WORK ORDER. Write out the lines below exactly, beginning at the one with "Porträtfotografie eines Mädchens" and stopping after the one with "在廣西都安瑤族自治縣下坳鎮(zhèn)車家莊易地扶貧搬遷安置新區(qū),小朋友在玩耍(8月18日攝)。新華社記者 周華 攝"; the pictures are not copied.

DATA FOR THIS TASK.
________________

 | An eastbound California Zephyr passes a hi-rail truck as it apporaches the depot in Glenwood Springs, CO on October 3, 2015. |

________________

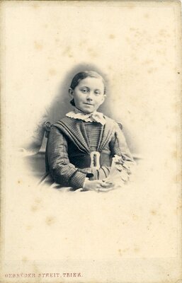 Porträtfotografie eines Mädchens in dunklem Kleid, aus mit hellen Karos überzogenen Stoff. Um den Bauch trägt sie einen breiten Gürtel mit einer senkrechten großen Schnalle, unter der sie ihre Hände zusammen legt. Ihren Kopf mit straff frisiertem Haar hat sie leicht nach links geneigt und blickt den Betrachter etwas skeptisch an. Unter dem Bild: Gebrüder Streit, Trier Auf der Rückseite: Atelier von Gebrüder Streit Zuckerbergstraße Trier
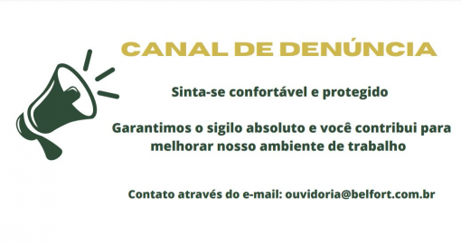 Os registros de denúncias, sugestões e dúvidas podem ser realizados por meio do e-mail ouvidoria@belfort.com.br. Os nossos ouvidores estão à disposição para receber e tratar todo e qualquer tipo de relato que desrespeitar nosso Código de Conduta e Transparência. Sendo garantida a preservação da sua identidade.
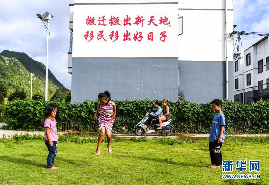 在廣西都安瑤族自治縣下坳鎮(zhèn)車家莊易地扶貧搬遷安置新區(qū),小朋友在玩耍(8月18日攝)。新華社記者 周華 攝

________________

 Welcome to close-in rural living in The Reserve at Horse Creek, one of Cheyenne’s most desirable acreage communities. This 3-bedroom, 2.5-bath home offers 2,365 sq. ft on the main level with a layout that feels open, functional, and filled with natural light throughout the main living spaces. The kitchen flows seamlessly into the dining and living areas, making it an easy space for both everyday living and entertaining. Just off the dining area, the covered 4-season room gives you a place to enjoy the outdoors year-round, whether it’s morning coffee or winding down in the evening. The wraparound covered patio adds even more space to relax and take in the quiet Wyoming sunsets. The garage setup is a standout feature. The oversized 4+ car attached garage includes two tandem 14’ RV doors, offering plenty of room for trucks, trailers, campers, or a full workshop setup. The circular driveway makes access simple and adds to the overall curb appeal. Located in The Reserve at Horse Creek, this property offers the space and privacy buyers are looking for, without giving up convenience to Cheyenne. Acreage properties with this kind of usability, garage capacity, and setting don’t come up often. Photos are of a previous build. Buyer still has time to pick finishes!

________________

ANSWER BOX.
 Porträtfotografie eines Mädchens in dunklem Kleid, aus mit hellen Karos überzogenen Stoff. Um den Bauch trägt sie einen breiten Gürtel mit einer senkrechten großen Schnalle, unter der sie ihre Hände zusammen legt. Ihren Kopf mit straff frisiertem Haar hat sie leicht nach links geneigt und blickt den Betrachter etwas skeptisch an. Unter dem Bild: Gebrüder Streit, Trier Auf der Rückseite: Atelier von Gebrüder Streit Zuckerbergstraße Trier
 Os registros de denúncias, sugestões e dúvidas podem ser realizados por meio do e-mail ouvidoria@belfort.com.br. Os nossos ouvidores estão à disposição para receber e tratar todo e qualquer tipo de relato que desrespeitar nosso Código de Conduta e Transparência. Sendo garantida a preservação da sua identidade.
 在廣西都安瑤族自治縣下坳鎮(zhèn)車家莊易地扶貧搬遷安置新區(qū),小朋友在玩耍(8月18日攝)。新華社記者 周華 攝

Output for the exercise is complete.